- What you have to do: Reproduce the data below exactly as written. Pictures do not belong in the copy.

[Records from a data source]
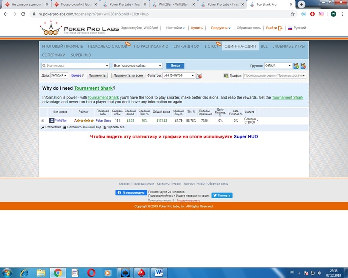 Закончился очередной день.С самого начала словил апчик + люто бамхантил (около 70 % игор с фишами),в итоге начал по 3,5 а потом играл и до 30 с фишами(пару игор),график за сегодня Кроме того нажил баксов 12 в кеш,и проиграл около 30 баксов в сатах на мтт,которые я каждый день играю,по 1-2 сату в надежде пройти на Bounty bilderі,в которых сладкие поля особенно в выходные. План на взавтра-играть 7,15 Plo HU Sng с гибким БРМ,по максимуму бамхантить и укреплять БР и пару сатов запустить на турики,+ еще больше концентрироваться во время игры,так как сегодня отдал байина 3 сыграв не туда совсем.Итак День 3 Бр на конец дня 185,87 888 покер 0,03 Сashout-0.
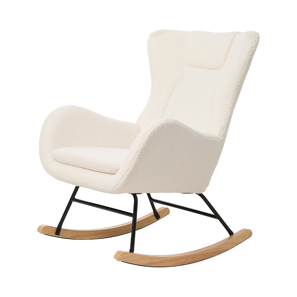 This delightful rocking chair is the perfect blend of style and comfort, elevating any space with its cozy charm. Crafted from premium lambswool/Velvet fabric and sponge filling, it offers a luxurious tactile experience while infusing warmth into your home. Its gentle rocking motion effortlessly melts away daily stress, creating a serene retreat for reading, resting, or unwinding. Whether placed in the living room, bedroom, or a cozy nook, this rocking chair transforms your space into a haven of relaxation and elegance.
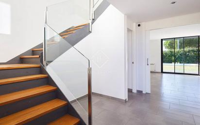 La vivienda se encuentra en Sant Vicenç de Montalt, a pocos minutos de la playa, la estación de tren y el puerto deportivo. La zona es conocida por contar con algunas de las mejores playas del Maresme, un estilo de vida tranquilo y exclusivo. Además, destacan en los alrededores los campos de golf y el reconocido Port Balís. La parcela tiene una superficie de casi 800 m² y está orientada al sur-oeste, lo que permite disfrutar de mucha luz natural durante todo el año. La casa, de 266 m² construidos, es muy cómoda y se distribuye en dos plantas: - En la planta baja encontramos un amplio y luminoso recibidor con techos de doble altura, un salón-comedor con acceso directo al jardín, una cocina totalmente equipada, y un dormitorio tipo suite con baño completo. En esta planta hay también una habitación más pequeña con un baño completo al lado, ideal como dormitorio de invitados, despacho o trastero. Además, dispone de garaje con capacidad para dos vehículos. - En la planta superior se ubican dos habitaciones dobles y un baño completo con bañera. El jardín es llano y cuenta con una piscina privada y un porche de verano, perfectos para disfrutar del exterior. La vivienda está equipada con placas solares, armarios empotrados, ventanas de aluminio con doble acristalamiento, suelos de parquet y gres, y jardín con césped natural.
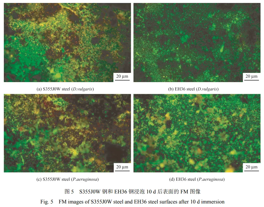 02 相较于 EH36 钢,S355J0W 钢含有 Cr、Ni、 Nb 元素和更多的 Cu 元素。合金元素的共同作用促使 S355J0W 钢表面形成了更具有保护性的产物膜。
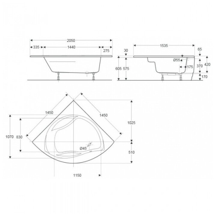 Ванна угловая 145х145 Jacob Delafon Presquile E6045RU-00
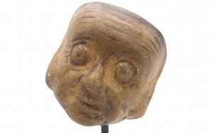 Continental German (late 19th Cent) sculpted terra-cotta master mask mold of a small google-eyed Grotesque face with a slight smile displayed on a square black marble base stand (part of a 39 piece collection)
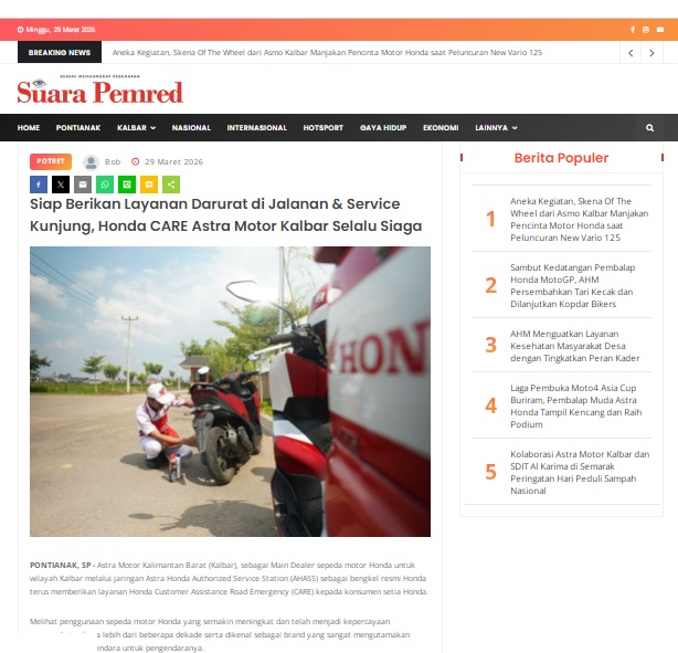 Siap Berikan Layanan Darurat di Jalanan & Service Kunjung, Honda CARE Astra Motor Kalbar Selalu Siaga by masmul 29 Maret 2026 in Silahkan kunjungi https://www.suarapemredkalbar.com/read/potret/29032026/siap-berikan-layanan-darurat-di-jalanan-service-kunjung-honda-care-astra-motor-kalbarselalu-siaga. You Might Like Regional Public Launching New ADV160 The SUV Pride Grand Launching New PCX 160 Truly Exceptional! Tetap hati-hati ya bro sist berkendara saat hujan.

- Reply to the exercise:
 Закончился очередной день.С самого начала словил апчик + люто бамхантил (около 70 % игор с фишами),в итоге начал по 3,5 а потом играл и до 30 с фишами(пару игор),график за сегодня Кроме того нажил баксов 12 в кеш,и проиграл около 30 баксов в сатах на мтт,которые я каждый день играю,по 1-2 сату в надежде пройти на Bounty bilderі,в которых сладкие поля особенно в выходные. План на взавтра-играть 7,15 Plo HU Sng с гибким БРМ,по максимуму бамхантить и укреплять БР и пару сатов запустить на турики,+ еще больше концентрироваться во время игры,так как сегодня отдал байина 3 сыграв не туда совсем.Итак День 3 Бр на конец дня 185,87 888 покер 0,03 Сashout-0.
 This delightful rocking chair is the perfect blend of style and comfort, elevating any space with its cozy charm. Crafted from premium lambswool/Velvet fabric and sponge filling, it offers a luxurious tactile experience while infusing warmth into your home. Its gentle rocking motion effortlessly melts away daily stress, creating a serene retreat for reading, resting, or unwinding. Whether placed in the living room, bedroom, or a cozy nook, this rocking chair transforms your space into a haven of relaxation and elegance.
 La vivienda se encuentra en Sant Vicenç de Montalt, a pocos minutos de la playa, la estación de tren y el puerto deportivo. La zona es conocida por contar con algunas de las mejores playas del Maresme, un estilo de vida tranquilo y exclusivo. Además, destacan en los alrededores los campos de golf y el reconocido Port Balís. La parcela tiene una superficie de casi 800 m² y está orientada al sur-oeste, lo que permite disfrutar de mucha luz natural durante todo el año. La casa, de 266 m² construidos, es muy cómoda y se distribuye en dos plantas: - En la planta baja encontramos un amplio y luminoso recibidor con techos de doble altura, un salón-comedor con acceso directo al jardín, una cocina totalmente equipada, y un dormitorio tipo suite con baño completo. En esta planta hay también una habitación más pequeña con un baño completo al lado, ideal como dormitorio de invitados, despacho o trastero. Además, dispone de garaje con capacidad para dos vehículos. - En la planta superior se ubican dos habitaciones dobles y un baño completo con bañera. El jardín es llano y cuenta con una piscina privada y un porche de verano, perfectos para disfrutar del exterior. La vivienda está equipada con placas solares, armarios empotrados, ventanas de aluminio con doble acristalamiento, suelos de parquet y gres, y jardín con césped natural.
 02 相较于 EH36 钢,S355J0W 钢含有 Cr、Ni、 Nb 元素和更多的 Cu 元素。合金元素的共同作用促使 S355J0W 钢表面形成了更具有保护性的产物膜。
 Ванна угловая 145х145 Jacob Delafon Presquile E6045RU-00
 Continental German (late 19th Cent) sculpted terra-cotta master mask mold of a small google-eyed Grotesque face with a slight smile displayed on a square black marble base stand (part of a 39 piece collection)
 Siap Berikan Layanan Darurat di Jalanan & Service Kunjung, Honda CARE Astra Motor Kalbar Selalu Siaga by masmul 29 Maret 2026 in Silahkan kunjungi https://www.suarapemredkalbar.com/read/potret/29032026/siap-berikan-layanan-darurat-di-jalanan-service-kunjung-honda-care-astra-motor-kalbarselalu-siaga. You Might Like Regional Public Launching New ADV160 The SUV Pride Grand Launching New PCX 160 Truly Exceptional! Tetap hati-hati ya bro sist berkendara saat hujan.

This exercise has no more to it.